Highlights & Insights

  • Reformulating the Problem from Theoretical Derivation: Instead of focusing on "how to better approximate the shift vector," the authors prove that the shift vector itself is an analytical result of the attention formula, thereby transforming the problem into "direct parameterization of \((K_D, V_D)\)." This reformulation is transferable to other research directions attempting to approximate specific effects.
  • ICL as an Instantiation of Inference-Time Fine-Tuning: Theoretical studies suggest that ICL is essentially a dynamic optimization during inference. HiFICL is the first work to translate this hypothesis into a training-time PEFT method. Compared to LoRA's static, input-agnostic adaptation, HiFICL's dynamic, context-aware adaptation aligns more closely with the nature of ICL.
  • Extreme Parameter Efficiency: Surpasses LoRA and MimIC (which require 17-19.7M parameters) with only 2.2M parameters, while maintaining an inference speed nearly identical to zero-shot models.

Limitations & Future Work

  • Validated only on 7B/8B scale models; performance on larger models has not been tested.
  • The number of virtual prompts \(n=8\) and the rank \(r\) require tuning for different tasks.
  • Theoretical derivation is based on unified self-attention architectures and is not applicable to early cross-attention designs (e.g., Flamingo).
  • Evaluated only on VQA and captioning tasks; more complex multimodal reasoning tasks (e.g., visual grounding, video understanding) have not been tested.
  • vs MimIC: MimIC simplifies the ICL effect into a single-direction linear shift and uses a teacher-student paradigm for training.
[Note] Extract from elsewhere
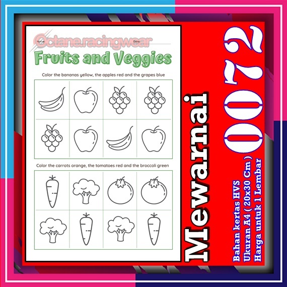 Mewarnai Gambar Harga satuan ukuran A4 / A5 Murah karakter bunga alam hewan dino kuda buah Buku No 4

HiFICL implements a full multi-directional nonlinear dynamic mixture, making end-to-end training more efficient (1/14.3 FLOPs) and achieving superior performance across the board.
  • vs LoRA: LoRA makes static, input-agnostic modifications in the weight space; HiFICL performs dynamic, context-aware adaptation in the activation space, which is closer to the intrinsic mechanism of ICL, while using only 1/8 of LoRA's parameters.
  • vs LIVE: LIVE inserts learnable vectors after FFN layers, representing a simple linear approximation. HiFICL operates inside the attention module, enabling it to capture nonlinear dynamics.

Rating

  • Novelty: ⭐⭐⭐⭐⭐ The approach of reformulating the problem based on theoretical derivation is elegant, and the perspective of unifying ICL approximation with PEFT is novel.
  • Experimental Thoroughness: ⭐⭐⭐⭐ Ablations and analyses are detailed, though testing was limited to 2 models and 3 tasks; coverage could be expanded.
  • Writing Quality: ⭐⭐⭐⭐⭐ Theoretical derivations are rigorous and fluid; the logical chain from problem reformulation to method design is clear.
  • Value: ⭐⭐⭐⭐ Provides a new theoretical perspective and a highly practical method for ICL approximation with extreme parameter efficiency.